One of the earliest nerd complaints I can remember is Captain Kirk’s death in Star Trek: Generations. It was up there with Han shooting first and Bat nipples. Before the preponderance of niche websites and social media these complaints were usually heard in fan magazines or on early web forums or, more likely, on the schoolyard. When something like that reached a large number of people it meant something. It wasn’t as simple as meme-ifying Christian Bale’s Batman voice or blowing up Twitter with reactions to the LOST finale. The complaints had spread like a geeky game of telephone.
When I finally saw Star Trek: Generations it was some time in the mid-to-late ’90s, either rented on VHS or caught on TV one day. I was familiar with the Next Generation crew and I knew about Captain Kirk through cultural osmosis. I also, somehow, knew he died and I definitely knew it was fairly disappointing. When I actually watched it happen I remember thinking it was a little lame. Whether it was due to my unfamiliarity with the character or being set up to think it sucked or just the visual of a guy in his 60’s falling to his death on a rickety old bridge. Either way, I agreed with the ethereal consensus.

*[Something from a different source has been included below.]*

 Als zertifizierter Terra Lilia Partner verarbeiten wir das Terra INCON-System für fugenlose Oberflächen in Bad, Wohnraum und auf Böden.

It wasn’t until I watched the movie again recently that I grew to kind of love the way Kirk dies. My feelings on the film had almost completely reversed. The bulk of the film, involving the Next Generation crew, was a slog. It was well-acted, but fairly tedious. When Kirk re-enters the film in the third act it breathes new life into the whole thing. It starts bringing together the themes of life and mortality and legacy and, surprisingly for a fairly mediocre movie, it actually earns the death of one of sci-fi’s most famous characters.
I feel like most of the the complaints about the way Kirk died are that it was undignified, anticlimactic and a little cruel. That he should have gone down with an Enterprise or died heroically and defiantly on the bridge of a ship. Those would have been cool too, but it’s hard to argue with a death where Kirk saves millions of lives — including an entire Enterprise crew — while getting in a fight on a rocky planet. As much as Kirk liked being the big swinging dick on the bridge of the Enterprise, he seemed to love throwing haymakers and karate chops at an enemy on a desert-like backlot.

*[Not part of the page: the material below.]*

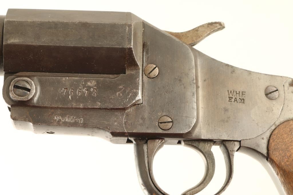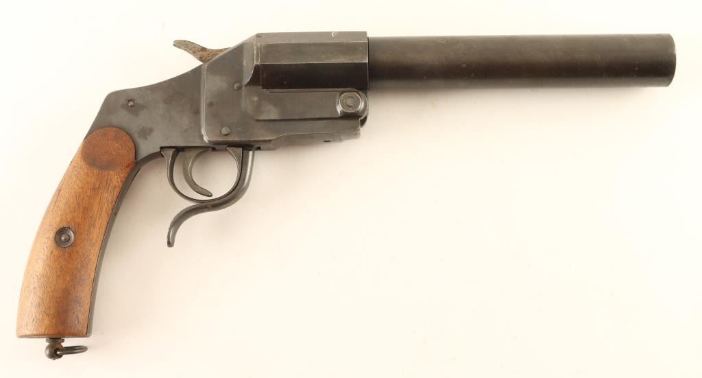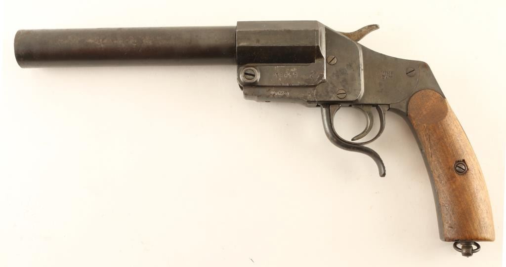 #76673 German flare launching pistol features approx 9" smooth bore barrel, break open single shot action, single action trigger, lanyard ring on bottom of grip. Bore is good condition with some light roughness. Metal retains much original bluing with small areas of roughness or pitting in places. Smooth wood grips are very good condition. Markings include "WHF", "EA XI", "Wn (castle) 18". Overall condition is Very Good.

The movie also bends over backwards to make Kirk’s passing as smooth as possible for people. In the prologue of the movie he does “die” while saving an Enterprise, it’s crew, and his old friends Scotty and Chekov. He then gets to spend almost 100 years (well, just minutes to him) in a sort of afterlife, chopping wood and riding horses. Like, they couldn’t have fluffed his pillow or turned up his morphine any higher. How comfortable do you want this guy before he kicks it?
But when it was time to make the ultimate sacrifice Kirk got to do it on his own terms. He gives up a seemingly perfect fantasy for one more dangerous away mission. I think Kirk is a little underrated when it comes to his mental prowess, but he definitely loved to throw down. Allowing him to do that one more time, one last hands-on adventure, is a very fitting way for the character to go out.
Like Kirk said in his final words, “it was fun”.
And for those who wanted Kirk to die on the bridge of the Enterprise, well… they got half of what they wanted.